Discriminants, symmetrized graph monomials, and sums of squares

TL;DR

This paper investigates when symmetrized graph monomials, constructed from graphs without loops, are non-negative or sums of squares, motivated by invariant theory and a conjecture related to polynomial discriminants.

Contribution

It provides a detailed analysis of symmetrized graph monomials for graphs with four and six edges, including computational results and examples.

Findings

Identifies graphs with symmetrized monomials that are non-negative but not sums of squares.

Provides computational data on symmetrized graph monomials for specific graph classes.

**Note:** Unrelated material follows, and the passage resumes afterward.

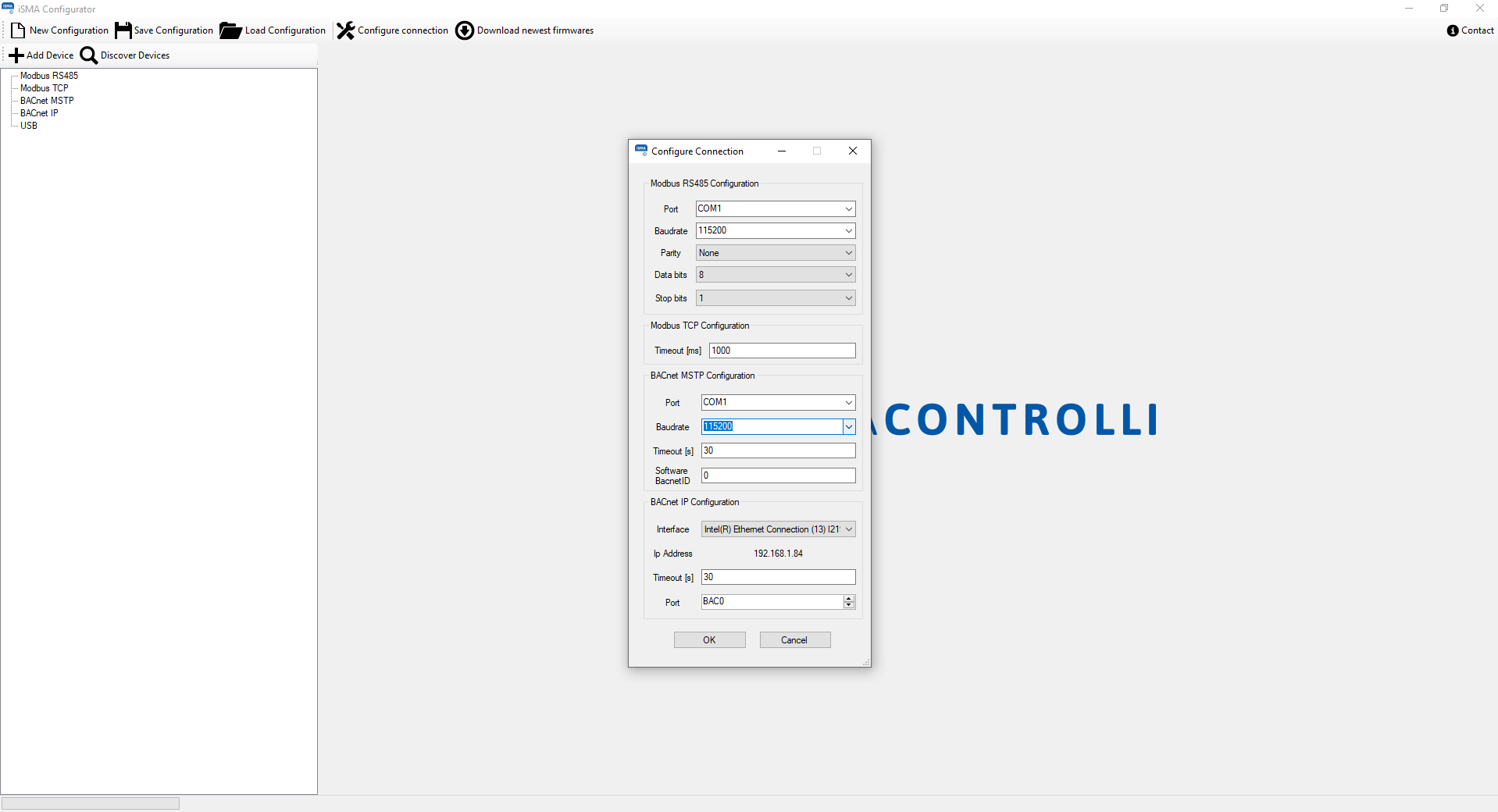 The following article describes how to automatically search for multiprotocol I/O modules in iSMA Configurator using BACnet MS/TP protocol. Before starting the search, prepare a PC with a Windows operating system, a USB - RS485 converter and download iSMA_Configurator from iSMA CONTROLLI Download Center.

Highlights the connection to invariant theory and polynomial discriminants.

Abstract

Motivated by the necessities of the invariant theory of binary forms J. J. Sylvester constructed in 1878 for each graph with possible multiple edges but without loops its symmetrized graph monomial which is a polynomial in the vertex labels of the original graph. In the 20-th century this construction was studied by several authors. We pose the question for which graphs this polynomial is a non-negative resp. a sum of squares. This problem is motivated by a recent conjecture of F. Sottile and E. Mukhin on discriminant of the derivative of a univariate polynomial, and an interesting example of P. and A. Lax of a graph with 4 edges whose symmetrized graph monomial is non-negative but not a sum of squares. We present detailed information about symmetrized graph monomials for graphs with four and six edges, obtained by computer calculations.